The figures from the Office for National Statistics showed a 6% increase from 5,377 deaths in 2007 to 5,706 in 2008 among those aged over 15.

source: guardian.co.uk

Insolvencies calm before a debt storm

Friday, February 5th, 2010

The number of people filing for insolvency is expected to dip slightly when figures are released tomorrow, before rising to historic highs in 2010.

It is believed the numbers for the last three months of 2009 will not hit the high of 35,000 in the previous three months – as indebted borrowers tend to put off fixing their finances over Christmas.

However, the level of insolvencies is expected to rise further throughout the year as people face up to their debt mountains in 2010.

Insolvencies generally continue to rise even after the economy has recovered from recession, as the effects of unemployment continue to be felt.

The ready availability of quickie bankruptcies or Debt Relief Orders (DROs) is also expected to boost the number of people filing for insolvency this year. The statistics are made up of people filing for DROs, formal debt plans called Individual Voluntary Arrangements (IVAs) and bankruptcies.

The majority of people still generally opt to wipe the slate clean by choosing bankruptcy over repaying their debts, although they are signs debtors are hoping to avoid the onerous repercussions of this by choosing formal debt plans instead.

However, hundreds of thousands of debtors are believed to use informal debt arrangements that can stretch over 15 years called Debt Management Plans, which are not charted by the industry.

Louise Brittain, from Deloitte’s insolvency arm, believes tomorrow’s figures will show there were 32,000 insolvencies between October and December, down from 35,000 in the previous three months.

She also predicts insolvency figures to reach 145,000 in 2010, which will smash all previous records.

source: ThisisMoney.co.uk

Desperate bosses of small firms turn to credit cards as Whitehall fails to settle its bills

Tuesday, February 2nd, 2010

Bosses are being forced to use their credit cards, raid their savings and borrow money from friends to keep their companies afloat, research revealed yesterday.

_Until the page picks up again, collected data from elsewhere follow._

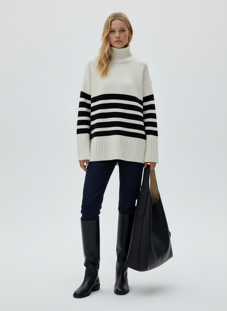 Deze luxe gebreide damestrui ademt pure Parijse elegantie. Het klassieke zwart-wit strepenpatroon geeft de trui een tijdloze, chique uitstraling, terwijl de zachte viscoseblend soepel langs het lichaam valt voor optimaal draagcomfort.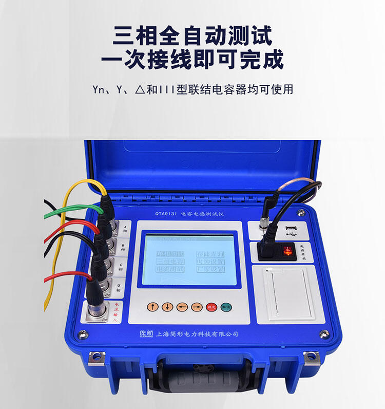 仪器具有三相电源输出及接口,可对三相Y型联结电容器、三相Yn型联结电容器、三相△型联结电容器、三相III型联结电容器进行一次接线,即可完成三相电容测试,并对分相电容分别进行测试计算,简单、方便,大大提高了现场使用人员的工作效率。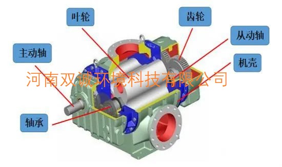 羅茨風(fēng)機(jī)主要由機(jī)殼、葉輪、傳動(dòng)軸、齒輪、軸承等組成。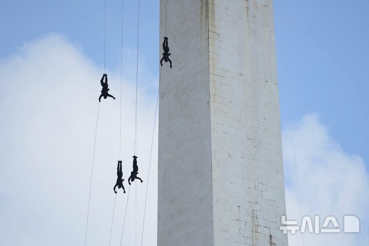 [자카르타=AP/뉴시스] 1일(현지 시간) 인도네시아 자카르타에서 인도네시아 국가경찰(POLRI) 창설 79주년 기념행사가 열려 경찰 기동타격대 '브리모브' 대원들이 밧줄을 타고 국가기념탑 하강 시범을 보여주고 있다. 인도네시아는 1946년 7월 1일, 국가경찰을 내무부 산하에서 독립시켜 국가 치안을 담당하는 대통령 직속 기관으로 재편했다. 2025.07.01.
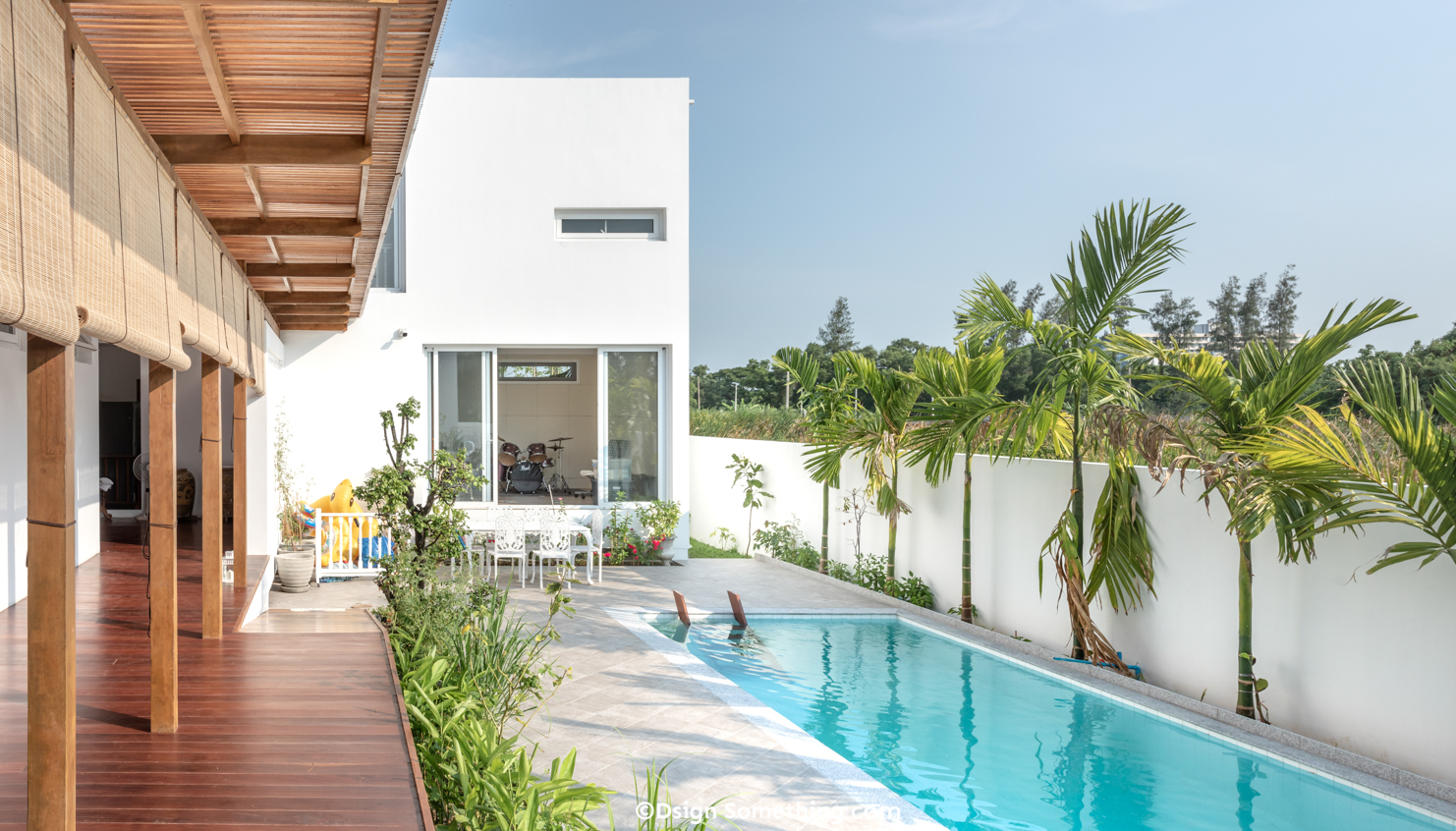 ภาพความเรียบง่ายของบ้านรูปทรงกล่องสี่เหลี่ยมสีขาวสไตล์โมเดิร์น และบรรยากาศที่อบอวลไปด้วยความอบอุ่นจากระแนงไม้ที่อยู่ใจกลางชั้นสองของบ้าน ใครจะคิดว่าภายในได้บรรจุ “บ้านเรือนไทย” พื้นที่แห่งความผูกพันที่เป็นหัวใจสำคัญของทุกคนในครอบครัวไว้ สถาปัตยกรรมโมเดิร์นที่ผสมผสานกับสถาปัตยกรรมไทยได้อย่างกลมกลืนนี้ เกิดขึ้นผ่านฝีมือการออกแบบของ “คุณป่อง ปฐมา หรุ่นรักวิทย์” สถาปนิกแห่ง Case Studio และเจ้าของบ้าน ที่ถ่ายทอดความต้องการของสมาชิกทุกคนไว้ได้อย่างลงตัว

The findings call into question the pledge by banks to provide businesses with the funds to survive the recession.

The research also found businesses are being crippled by their customers’ failure to pay bills promptly.

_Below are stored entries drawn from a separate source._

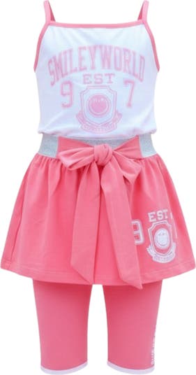 Smiles meet sporty in this standout SmileyWorld three-piece set made for your little trendsetter. Featuring a soft crop tank, bow-waist skirt, and built-in biker shorts, this look is all about fun, flair, and everyday motion. The iconic “97” graphic adds retro-cool energy while the pink-on-pink palette keeps it sweet and stylish.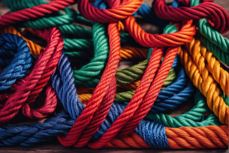 Network of Interconnected Colorful Ropes Symbolizing Unity, Teamwork, and Collaboration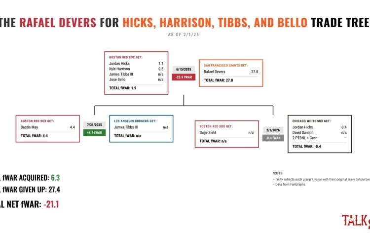 The Red Sox received four players from the Giants: reliever Jordan Hicks, bulk reliever Kyle Harrison, outfield prospect James Tibbs, and pitching prospect Jose Bello. Come February 2026, Harrison and Bello are the only remaining pieces from the trade. The team quickly parted with Tibbs at the trade deadline, sending him to the Dodgers for Dustin May. Hicks is now the Chicago White Sox’s problem.

One of the worst offenders is the Government, with one in three bills paid late, according to the Federation of Small Businesses’ study of 10,000 firms.

Prompt payment of bills was a key part of the Daily Mail’s Fair Deal for Small Firms campaign, which was launched in
2008.

FSB chairman John Wright said: ‘Late payment has been a particular problem in the past year and it is more important than ever that this worrying practice is brought to an end.’

The FSB’s research found that 41 per cent of bosses had ‘dipped into personal savings’ to find the money they needed and 21 per cent had used a personal credit card.

The FSB said its findings were ‘an indication of self-reliance as they encountered a banking sector which refused to lend’.

Another study published yesterday said 40 per cent of businesses which had tried to borrow during the second half of last year were turned away.

The Forum of Private Business said one in three had turned to ‘friends, relatives and company directors to secure funding for their business’.

The Department for Business said the late payment findings were ‘totally at odds’ with its data, collected each month from supplier invoices. All 22 central government departments have signed the Prompt Payment Code.

A spokesman said: ‘Around £21billion of payments were made by central government within ten days in December, with 19 out of 20 invoices now paid within ten days.’